My husband and I are now talking about what we will do in our retirement years, (which keep getting put back several years as we age) and we are aware that in order to fulfil our retirement dreams, we will need to consider Mum and Dad and how they are and where they are at that time, if they are still alive. Feelings of guilt and sadness come up when I think about us living overseas for few months, as we plan to do, and wondering how they will cope without us.
So these are the sandwich years that our generation is experiencing and yes, we have been a halfway house for our children on more than one occasion. We still have a shed full of their belongings and we are quite happy to advance them some money to help them with studies, or a car, or a debt with the promise that we will be paid back of course! Thankfully, our children are all quite independently living away from home and working and I am now more than ever aware that one day, my husband and I will be elderly and probably requiring help and support, if only emotionally, from our children.
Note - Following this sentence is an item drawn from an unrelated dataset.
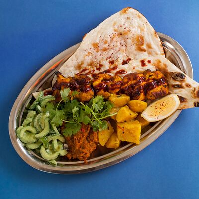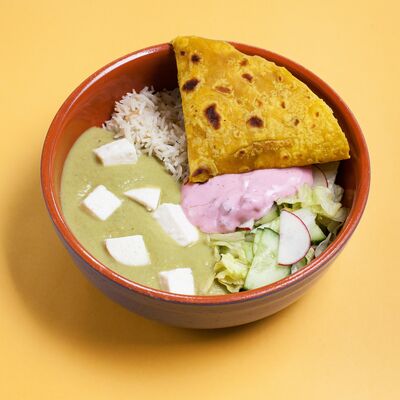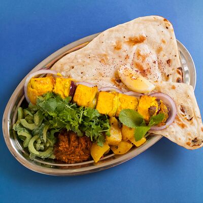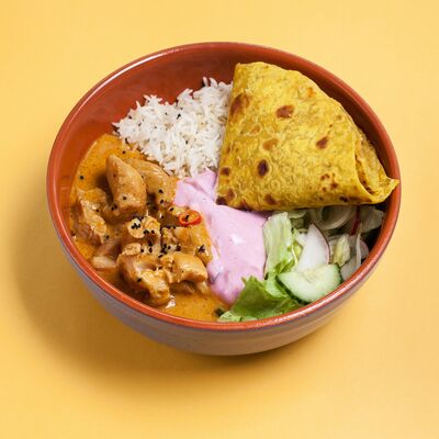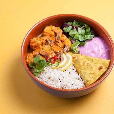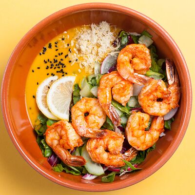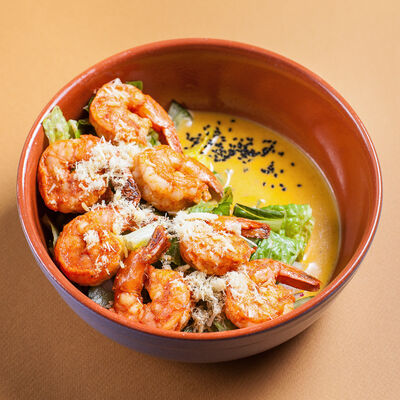 Жареные тигровые креветки с салатом айсберг, свежим редисом, огурцами и соусом из манго и кокосового молока (7 шт.)

Although our parents vowed they would never be a burden on us, and that they would know when the time had come to go into more advanced care, their awareness of their frailty has become clouded with their advancing fear of losing their independence, so they hang on to their belief that they are managing very well and are a long way off from needing to leave their home to go into a retirement facility. Meanwhile, we have filled out the application for Enduring Power of Attorney and Advanced Health Directive and so on just in case anything happens.
As mentioned earlier, Dad passed away a year ago and Mum has managed to pass through her grieving and is living independently, managing quite well and even asserting that she does not need anyone’s help and she is certainly not ready for low care accommodation. Quite the reversal. On the other hand our children are all still making great strides toward independence but there are the occasions where they need a bit of help financially.
We are relishing the thought of retirement in the near future and living for a few months overseas and making the most of our able bodied years through travel and home renovations. We don’t like talking about when we are really old and what will become of us, for now. We are just happy to belong to the Sandwich Club and know that our friends are all members and we are in good company.